● **The problem**
Beginning with the line below that contains "Dinghy Pro red/black art no 5702" and ending with the line that contains "Rear discharge outlet (AP Model)", retype every line exactly. Pictures are not copied.

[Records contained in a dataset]
---

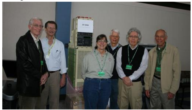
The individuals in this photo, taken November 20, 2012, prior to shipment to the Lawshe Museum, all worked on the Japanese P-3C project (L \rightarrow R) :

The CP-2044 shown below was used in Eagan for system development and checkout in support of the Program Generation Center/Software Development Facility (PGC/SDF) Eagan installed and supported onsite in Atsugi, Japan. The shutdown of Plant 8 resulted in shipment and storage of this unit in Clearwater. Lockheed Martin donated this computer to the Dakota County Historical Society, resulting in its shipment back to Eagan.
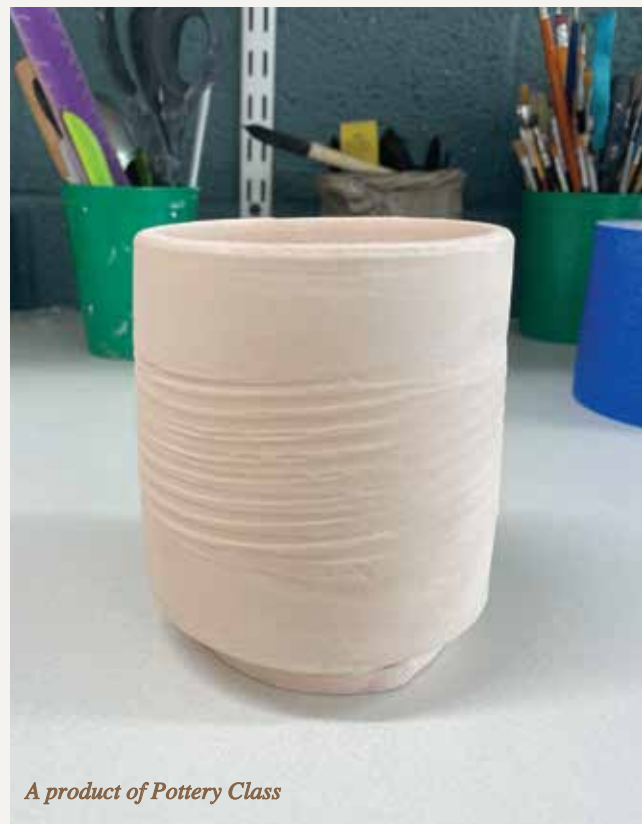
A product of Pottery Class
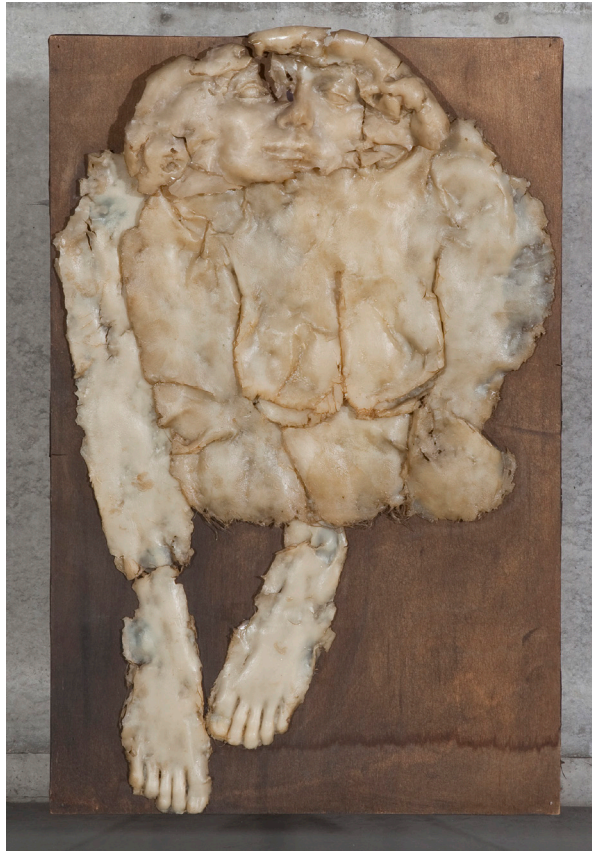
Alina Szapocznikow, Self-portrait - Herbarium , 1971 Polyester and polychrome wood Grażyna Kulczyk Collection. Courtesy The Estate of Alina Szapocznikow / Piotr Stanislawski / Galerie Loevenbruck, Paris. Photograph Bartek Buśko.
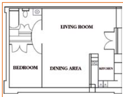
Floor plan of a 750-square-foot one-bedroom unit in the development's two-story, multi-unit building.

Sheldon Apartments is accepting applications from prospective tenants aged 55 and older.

---

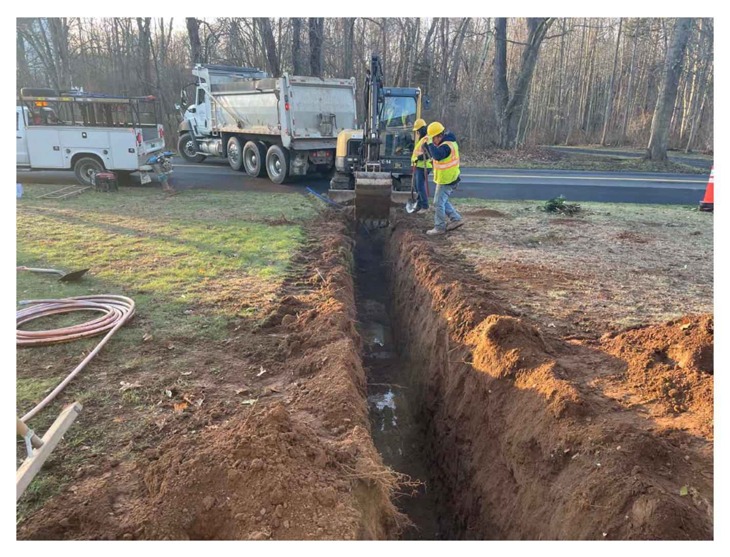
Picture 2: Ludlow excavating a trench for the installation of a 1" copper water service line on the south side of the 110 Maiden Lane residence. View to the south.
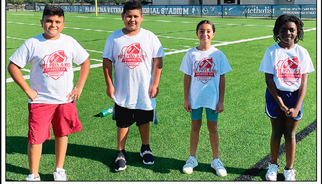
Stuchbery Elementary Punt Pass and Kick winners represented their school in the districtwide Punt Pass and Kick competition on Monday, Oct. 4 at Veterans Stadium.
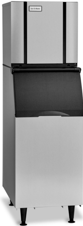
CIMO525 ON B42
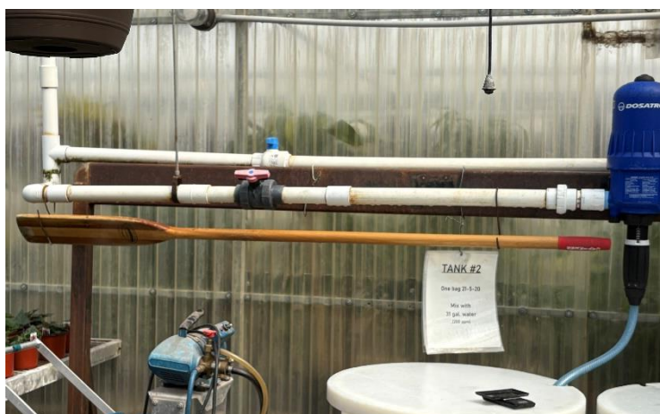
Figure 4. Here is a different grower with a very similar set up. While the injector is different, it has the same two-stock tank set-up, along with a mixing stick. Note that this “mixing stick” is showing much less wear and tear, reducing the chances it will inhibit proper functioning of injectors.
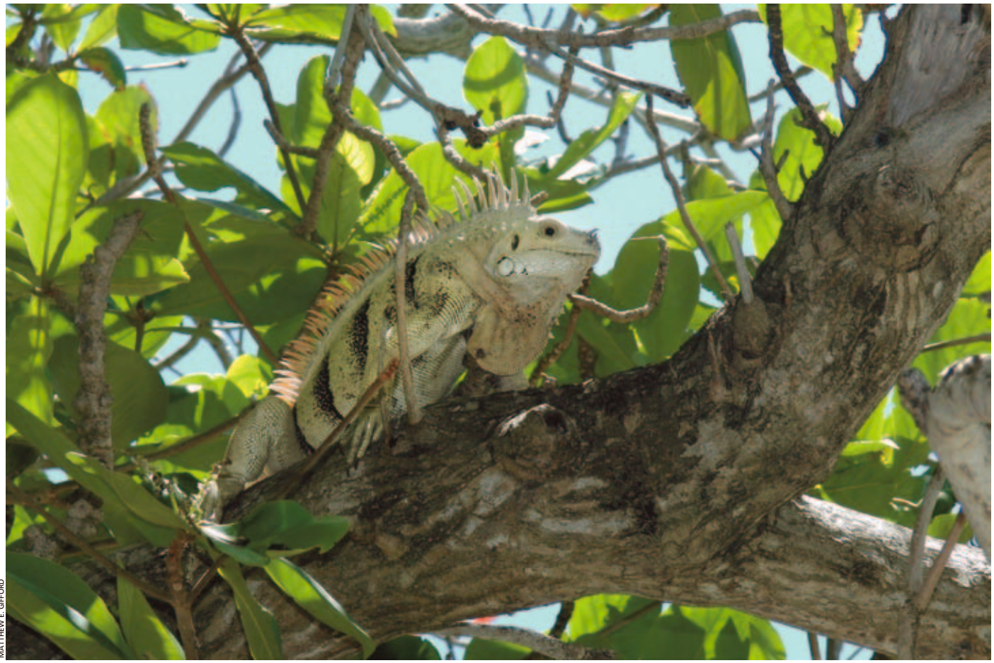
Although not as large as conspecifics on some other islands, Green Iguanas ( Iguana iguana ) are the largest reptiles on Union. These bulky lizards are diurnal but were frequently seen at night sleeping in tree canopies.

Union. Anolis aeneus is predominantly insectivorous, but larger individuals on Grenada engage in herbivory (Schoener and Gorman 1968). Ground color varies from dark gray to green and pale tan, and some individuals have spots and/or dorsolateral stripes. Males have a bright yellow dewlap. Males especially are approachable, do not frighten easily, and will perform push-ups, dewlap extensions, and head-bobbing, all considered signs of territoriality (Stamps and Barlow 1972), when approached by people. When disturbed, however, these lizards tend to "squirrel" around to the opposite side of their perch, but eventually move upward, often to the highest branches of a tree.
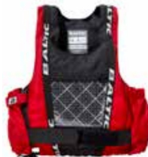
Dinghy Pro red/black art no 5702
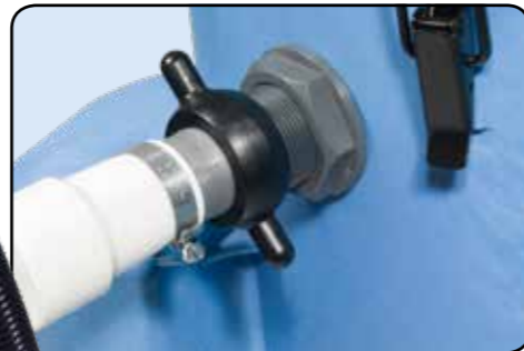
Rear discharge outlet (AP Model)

---

● **Result of the exercise**
Dinghy Pro red/black art no 5702
Rear discharge outlet (AP Model)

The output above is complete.